----- Exercise materials

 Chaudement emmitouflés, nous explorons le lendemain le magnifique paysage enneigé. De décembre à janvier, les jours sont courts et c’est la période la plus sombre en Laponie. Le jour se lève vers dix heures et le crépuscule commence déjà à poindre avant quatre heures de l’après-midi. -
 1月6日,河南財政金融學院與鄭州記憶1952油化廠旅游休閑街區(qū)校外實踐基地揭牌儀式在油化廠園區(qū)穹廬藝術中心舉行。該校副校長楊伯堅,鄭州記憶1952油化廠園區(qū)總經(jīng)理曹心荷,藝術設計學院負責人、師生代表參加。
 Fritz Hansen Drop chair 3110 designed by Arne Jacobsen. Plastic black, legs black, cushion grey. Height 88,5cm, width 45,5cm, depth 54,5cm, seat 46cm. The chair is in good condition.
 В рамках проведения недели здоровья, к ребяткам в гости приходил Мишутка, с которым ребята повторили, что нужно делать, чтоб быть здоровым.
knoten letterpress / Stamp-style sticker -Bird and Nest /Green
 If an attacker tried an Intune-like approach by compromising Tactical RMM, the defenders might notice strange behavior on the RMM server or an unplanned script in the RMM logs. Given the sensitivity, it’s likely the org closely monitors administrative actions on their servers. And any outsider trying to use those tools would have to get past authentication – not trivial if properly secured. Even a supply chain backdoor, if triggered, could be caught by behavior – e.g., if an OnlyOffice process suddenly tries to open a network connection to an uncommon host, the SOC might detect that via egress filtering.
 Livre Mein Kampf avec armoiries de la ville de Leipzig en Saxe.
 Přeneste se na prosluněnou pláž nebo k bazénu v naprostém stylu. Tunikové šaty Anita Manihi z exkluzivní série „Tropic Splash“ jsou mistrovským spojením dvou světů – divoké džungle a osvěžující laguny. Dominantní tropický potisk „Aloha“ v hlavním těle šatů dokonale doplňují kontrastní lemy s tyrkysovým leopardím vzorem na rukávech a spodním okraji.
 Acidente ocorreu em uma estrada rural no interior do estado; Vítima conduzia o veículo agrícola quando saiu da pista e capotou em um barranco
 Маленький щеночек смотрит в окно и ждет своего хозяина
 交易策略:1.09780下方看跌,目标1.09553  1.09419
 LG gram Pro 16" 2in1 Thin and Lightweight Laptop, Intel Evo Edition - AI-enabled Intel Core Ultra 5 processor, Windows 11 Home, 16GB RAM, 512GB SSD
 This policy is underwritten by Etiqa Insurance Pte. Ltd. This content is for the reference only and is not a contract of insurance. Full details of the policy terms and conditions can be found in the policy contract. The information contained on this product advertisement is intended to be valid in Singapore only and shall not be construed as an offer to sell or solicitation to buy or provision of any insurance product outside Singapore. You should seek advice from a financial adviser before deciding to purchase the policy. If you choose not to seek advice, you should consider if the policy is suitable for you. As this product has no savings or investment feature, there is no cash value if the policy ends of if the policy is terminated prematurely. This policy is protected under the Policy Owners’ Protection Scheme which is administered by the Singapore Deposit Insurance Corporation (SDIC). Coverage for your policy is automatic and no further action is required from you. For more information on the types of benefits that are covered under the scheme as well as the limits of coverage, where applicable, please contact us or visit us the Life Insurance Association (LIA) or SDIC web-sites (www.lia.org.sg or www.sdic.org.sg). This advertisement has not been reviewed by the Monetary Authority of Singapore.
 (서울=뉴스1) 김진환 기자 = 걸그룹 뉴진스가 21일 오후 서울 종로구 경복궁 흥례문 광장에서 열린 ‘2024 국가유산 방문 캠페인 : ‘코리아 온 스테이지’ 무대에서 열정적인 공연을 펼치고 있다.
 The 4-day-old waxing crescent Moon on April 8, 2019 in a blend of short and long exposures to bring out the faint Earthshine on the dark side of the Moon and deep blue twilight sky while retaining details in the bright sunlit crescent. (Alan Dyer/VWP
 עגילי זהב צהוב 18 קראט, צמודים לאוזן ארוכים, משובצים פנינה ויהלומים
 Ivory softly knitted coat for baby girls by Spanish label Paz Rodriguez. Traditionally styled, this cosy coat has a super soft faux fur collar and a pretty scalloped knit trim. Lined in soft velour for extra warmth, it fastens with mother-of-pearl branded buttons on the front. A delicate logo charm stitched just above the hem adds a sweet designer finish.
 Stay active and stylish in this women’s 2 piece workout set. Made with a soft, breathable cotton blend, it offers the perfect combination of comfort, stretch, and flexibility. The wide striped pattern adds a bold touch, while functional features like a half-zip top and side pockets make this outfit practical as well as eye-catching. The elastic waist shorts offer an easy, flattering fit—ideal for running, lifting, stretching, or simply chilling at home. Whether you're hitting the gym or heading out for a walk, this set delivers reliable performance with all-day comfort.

----------

■ Action item ■
Among the lines above, find those with the word "while". Copy them.

■ Result of this exercise ■
 The 4-day-old waxing crescent Moon on April 8, 2019 in a blend of short and long exposures to bring out the faint Earthshine on the dark side of the Moon and deep blue twilight sky while retaining details in the bright sunlit crescent. (Alan Dyer/VWP
 Stay active and stylish in this women’s 2 piece workout set. Made with a soft, breathable cotton blend, it offers the perfect combination of comfort, stretch, and flexibility. The wide striped pattern adds a bold touch, while functional features like a half-zip top and side pockets make this outfit practical as well as eye-catching. The elastic waist shorts offer an easy, flattering fit—ideal for running, lifting, stretching, or simply chilling at home. Whether you're hitting the gym or heading out for a walk, this set delivers reliable performance with all-day comfort.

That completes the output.